Marco sai antes de batermos, Maraisa está animada e saltitante.

— Foi divertido? — Pergunta, ele é mil vezes mais tranquilo que Almira.

— Foi incrível, vocês deveriam ter feito isso á tempos! Aliás, ela não conhece nada, qual é a de vocês? Vão viver assim para sempre? — Pergunto vendo Almira encostar-se ao seu lado.

— Temos medo, Marilia...entre. — Ela diz. — Há pessoas ruins no mundo, pessoas que podem magoá-la.

— Certo, mas e se vocês morrem? Não estou desejando o mal, mas é algo que acontece. — Arqueio a sobrancelha a procurando pela sala.

— Ela foi para a sala de pintura. — Marco chama minha atenção tocando em meu braço. — E estamos melhorando, não é? Sobre deixá-la viver um pouco mais.

— Você não vem? — Assusto-me quando olho para o corredor e a cabeça dela aparece na porta.

— É melhor irmos. — Acompanho os três até a sala.

Um cômodo de mais ou menos quatro metros quadrados cheio de telas penduradas nas paredes ou em suportes virados para a janela. As paredes são em cores rosa e azul bebê estranhamente misturadas. Há pinturas de flores, jardins, árvores, casas, animais, um céu cheio de nuvens e o céu tempestuoso. Incríveis pinturas, com traços fortes e perfeitos.

— Uau. — Falo suspirando, passando por todas as pinturas grandes e pequenas.

—  Ela ama pintar, todos os dias vem aqui. —  Almira fica boba, me acompanhando. —  Essas são as últimas. —  Uma é um enorme campo florido com margaridas e rosas vermelhas, o outro um céu com lua cheia e o terceiro...Esse faz meu coração parar, um rosto manchado com tintas coloridas, uma pessoa qualquer não saberia dizer quem é mas quando se tem um espelho em casa, reconhece-se o próprio rosto em qualquer lugar.

—  Esse é o primeiro rosto que ela fez mas não sei dizer quem é, pelas manchas. —  Almira me olha confusa, dou meio sorriso e olho Maraisa do outro lado do cômodo, encolhida junto a porta.

—  É lindo. —  Mantenho o contato enquanto falo, quero abraçá-la e entender o porquê de ter feito. Amei tanto.

—  Vamos? Ela gosta de ficar sozinha para desenhar. —  Almira pede indo em direção à saída.

Maraisa não parece querer ficar só, juro que vejo sua cabeça mexer negativamente. Dou mais uma volta no pequeno cômodo tão cheio, meus dedos passam pelas molduras nas paredes. Será que isso reflete seus sentimentos? Sensações? Ora alegres e coloridos, ora tristes e obscuros.

—  Marilia? —  Almira volta a me chamar.

—  Ela pode ficar? —  Maraisa pergunta, surpreendendo a todos nós.

—  Mas... —  Ela protesta e desiste.

—  Tudo bem, você estava fazendo o almoço né?
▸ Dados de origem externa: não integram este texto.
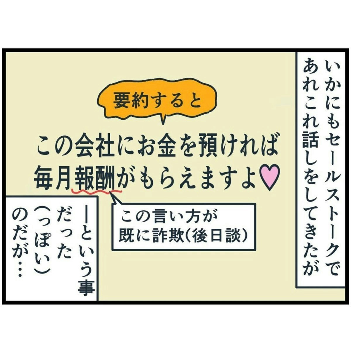 信用している友人の紹介だから「きっと悪い話ではないはず」と思いたいのは、人間としては当たり前なのかもしれません。しかし、そうした「性善説」的な思考を逆手にとって、相手は騙してくるのですね…。
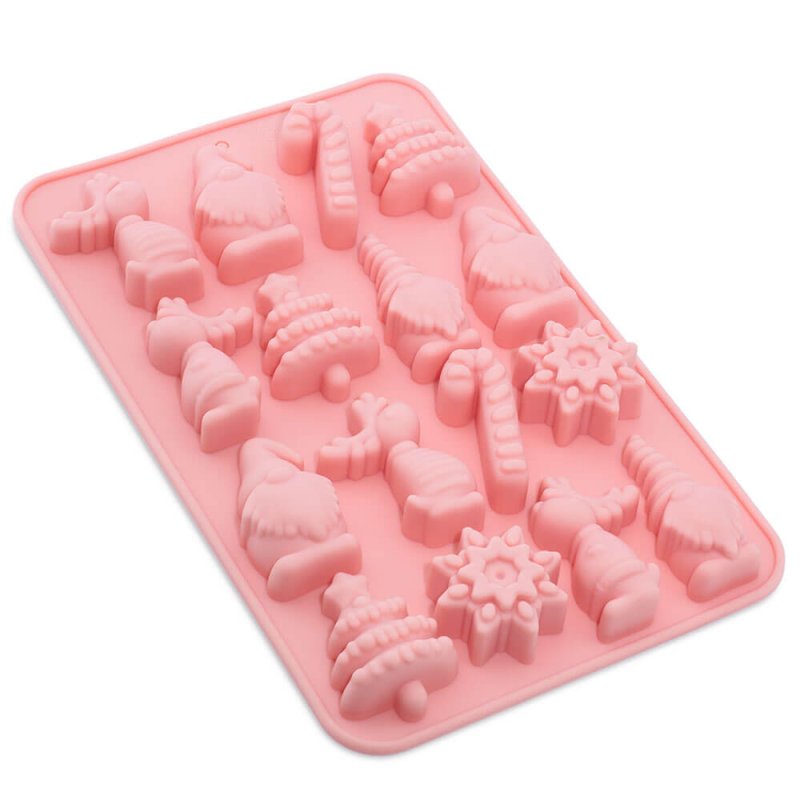 Molde de silicone com figuras natalícias, com 16 cavidades para fazer sabões, ceras aromáticas, wax melts ou ímanes de frigorífico. Inclui designs de gnomos, renas, árvores de Natal, bengalas doces e flocos de neve, perfeitos para as tuas manualidades de Natal. É um molde de silicone flexível, resistente e antiaderente, que não precisa de desmoldante e é fácil de limpar. Ideal para criar pequenos detalhes decorativos ou perfumados para oferecer ou perfumar a tua casa no Natal.

Logo vou para a empresa.

—  Não deixa ela te atrasar. —  Dá um riso pequeno dando as costas para nós.

Maraisa fica me olhando. Dou lhe um sorriso um pouco mais fascinada, ela senta no banquinho, pega um pincel e começa a pintar. Permaneço em silêncio por um tempo até distinguir uma silhueta: a cabeça, os braços, sem muitos detalhes, só o contorno.

—  É você. —  Diz, sorrindo. —  Porque você é cheia de curvas e o vermelho é porque chama atenção. —  Sussurra, vermelha.

—  Obrigada, posso levar comigo? —  Pergunto, tocando a ponta do papel.

—  Pode. —  Dá de ombros.

—  O que é aquilo? —  Vejo um monte de coisas no canto.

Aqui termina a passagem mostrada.